(d) Consider the geometric series \( 3+9+27+\ldots \) (1) Calculate \( S_{8} \). (2) Determine the value of \( k \) if \( S_{k}=88572 \). (3) Determine the least number of terms for which the sum will be greater than 20000 .
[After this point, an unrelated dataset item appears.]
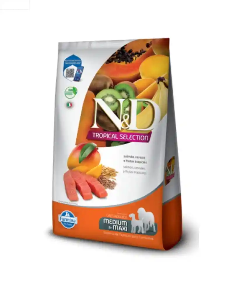 Salmón (carne mecánicamente separada de salmón, harina de salmón – mín. 5%), harina de pescado, harina de vísceras de pollo, harina de chicharrón (piel de cerdo), huevo en polvo, aceite de pollo, aceite de pescado, sub-producto de arroz, cereales y frutas (avena, granos de sorgo, cebada en granos, plátano deshidratado, papaya deshidratada, kiwi deshidratado, mango deshidratado – mín. 35%), sub-producto de trigo, pulpa de remolacha, levadura seca de cervecería (Saccharomyces cerevisiae), zanahoria deshidratada, aditivos prebióticos (FOS y MOS), DL-metionina, taurina, L-carnitina, sulfato de condroitina, sulfato de glucosamina, aditivos adsorbentes ( extracto de yuca (Manihot esculenta) y zeolita), hidrolizado de hígado de aves y cerdos, vitaminas (A, D3, E, B1, B2, B5, B6, B12, C, biotina, niacina, ácido fólico, cloruro de colina), cloruro de sodio, cloruro de potasio, hierro aminoácido quelato, cobre aminoácido quelato, zinc aminoácido quelato, manganeso aminoácido quelato, proteinato de selenio, yodato de calcio, propionato de calcio, concentrado de tocoferoles.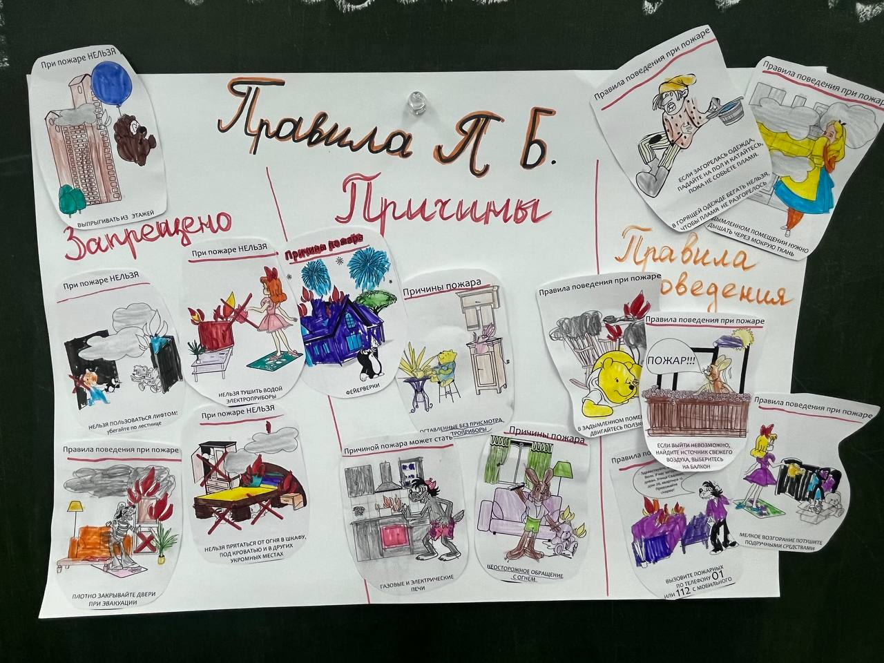 В рамках краевой операции "Новый год" в гимназии проводятся классные часы по пожарной безопасности и тренировочные учебные эвакуации. Так, во 2-3 классах прошло тематическое занятие, на котором ребята создали плакат о правилах поведения при пожаре, проанализировали с классным руководителем Дианой Николаевной Нестеровой причины возникновения возгорания и установили, ЧТО запрещено делать при пожаре: например, прятаться под кровать категорически запрещено.

To tackle the geometric series \( 3 + 9 + 27 + \ldots \), we identify the first term \( a = 3 \) and the common ratio \( r = 3 \). (1) The formula for the sum of the first \( n \) terms of a geometric series is given by: \[ S_n = a \frac{r^n - 1}{r - 1} \] For \( S_8 \): \[ S_8 = 3 \frac{3^8 - 1}{3 - 1} = 3 \frac{6561 - 1}{2} = 3 \frac{6560}{2} = 3 \times 3280 = 9840 \] (2) To find \( k \) such that \( S_k = 88572 \): Set the sum formula equal to 88572: \[ 3 \frac{3^k - 1}{3 - 1} = 88572 \implies \frac{3^k - 1}{2} = 29524 \implies 3^k - 1 = 59048 \implies 3^k = 59049 \] Taking the logarithm, we find \( k = 10 \) since \( 3^{10} = 59049 \). (3) To find the least number of terms for which the sum will be greater than 20000, we set up the inequality: \[ 3 \frac{3^n - 1}{2} > 20000 \] Solving gives: \[ 3^n - 1 > \frac{40000}{3} \approx 13333 \implies 3^n > 13334 \] Now, we find \( n \): Start estimating powers of 3: - \( 3^8 = 6561 \) (not enough) - \( 3^9 = 19683 \) (sufficient) Thus, the least number of terms for which the sum exceeds 20000 is \( n = 9 \).